Up until about last Thursday (coincidence?) there was a possibility through the Vitter amendment (see below) that the Audit the Fed bill in the Senate was going to actually audit Fed monetary policy and discount window transactions as per the House of Representative’s bill (HR1207) which passed with significant support last year. The new bill, which was passed in the Senate, was changed by Senator Sanders at the very last minute, according to Ron Paul. Additionally, any hope of the Vitter amendment being passed seems to have been wiped out by Thursday’s stock market crash, which we have suggested was an attack on our financial system and a clear message to Congress by parties interested in keeping Fed activities secret.
A compromise amendment requiring the GAO to conduct a one-time audit of the Federal Reserve’s emergency-response programs unanimously passed the Senate by a 96-0 vote. The amendment had been introduced by Sen. Bernie Sanders (I-Vt.) and calls for for releasing the names of institutions that received in total more than $2 trillion in loans from the central bank during the peak of the financial crisis.
Sanders had originally used the language of Ron Paul’s HR 1207, which passed in the House as an amendment last year, but later changed his amendment under pressure by the Federal Reserve and the Obama administration. Sen. Vitter reintroduced an amendment with the original Audit the Fed language.
Basically, the Fed will now give us the names of the banks they lent to and tell us how much money they spent on office supplies, but no real information will likely be shared with the public. This is 21st century government transparency.

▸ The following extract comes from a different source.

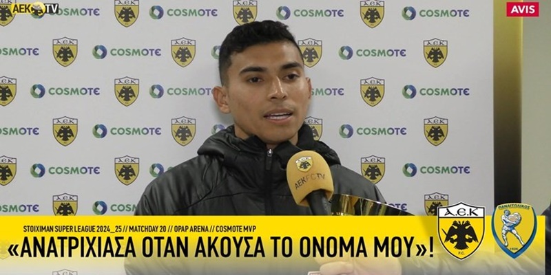 Δείτε όσα είπε ο Μεξικανός χαφ της ΑΕΚ μετά την ανάδειξη του ως MVP στη χθεσινή εντός έδρας αναμέτρηση με τον Παναιτωλικό.

Senator David Vitter, Republican of Louisiana, put forward an amendment that would have mirrored Ron Paul’s tough Audit the Fed language, but the Senate rejected it today. The vote was 37 to 62. (The Senate instead passed a modified “placebo” amendment that had the support of the Obama administration.)
Before the vote, Vitter appealed for support: “I urge all of my colleagues, Democrats and Republicans, to support both amendments to have full openness and accountability and transparency with all the protections that are included against politicizing individual Fed decisions.”
Every Senator, Republican and Democrat, who voted against this amendment needs to be sent home in the next election cycle. With this vote, they have essentially told the American people that we don’t need to know how the Federal Reserve engages in lending, what assets they have on their books and what they have been doing with the US dollar.
The Federal Reserve’s decisions affect every single American, including those who have yet to be born. The issue of transparency shouldn’t even be an issue! This is common sense, is it not? We do not need “one time disclosures” as per the Senate bill. We need constant transparency. Does anyone really trust the Fed, Treasury and other to do the American people right if there is no cross-check?
This is getting more ridiculous by the day.